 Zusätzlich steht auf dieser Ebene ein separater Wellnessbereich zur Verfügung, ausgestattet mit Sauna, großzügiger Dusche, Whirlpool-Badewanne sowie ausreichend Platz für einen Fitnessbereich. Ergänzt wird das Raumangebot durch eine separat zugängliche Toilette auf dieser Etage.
...
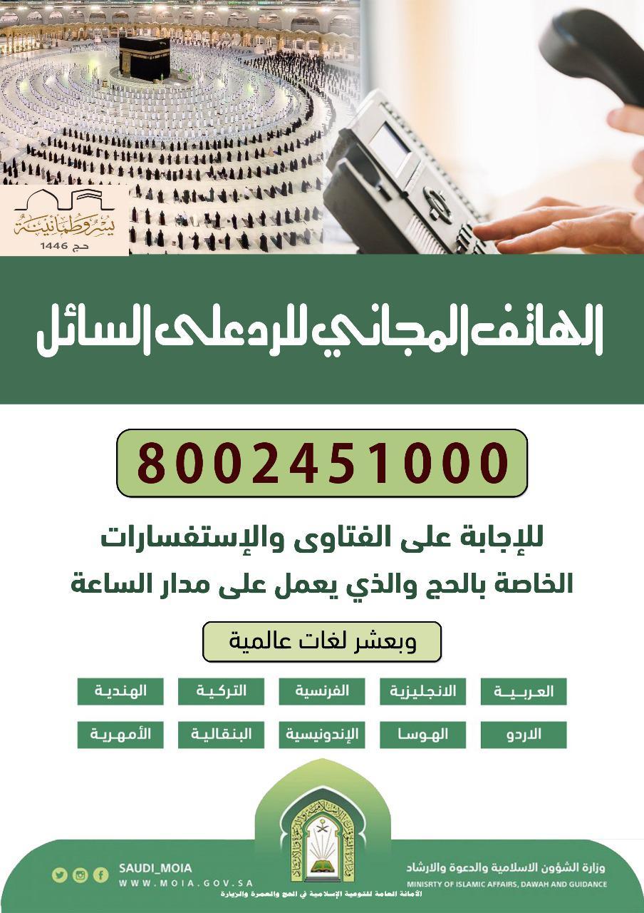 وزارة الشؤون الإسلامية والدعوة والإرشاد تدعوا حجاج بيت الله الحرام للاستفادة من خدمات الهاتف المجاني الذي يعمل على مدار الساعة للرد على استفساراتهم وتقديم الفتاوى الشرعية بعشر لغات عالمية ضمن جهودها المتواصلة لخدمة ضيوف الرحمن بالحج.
...
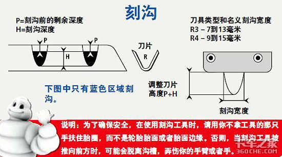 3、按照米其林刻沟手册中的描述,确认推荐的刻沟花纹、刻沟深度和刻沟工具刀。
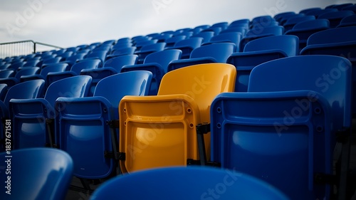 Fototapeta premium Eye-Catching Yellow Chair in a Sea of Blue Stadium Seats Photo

• Exercise requirements
Both the line containing "3、按照米其林刻沟手册中的描述,确认推荐的刻沟花纹、刻沟深度和刻沟工具刀。" and the line containing "Fototapeta premium Eye-Catching" above belong in the output, as do the lines between them. Print them exactly, without pictures.

• Output below
 3、按照米其林刻沟手册中的描述,确认推荐的刻沟花纹、刻沟深度和刻沟工具刀。
 Fototapeta premium Eye-Catching Yellow Chair in a Sea of Blue Stadium Seats Photo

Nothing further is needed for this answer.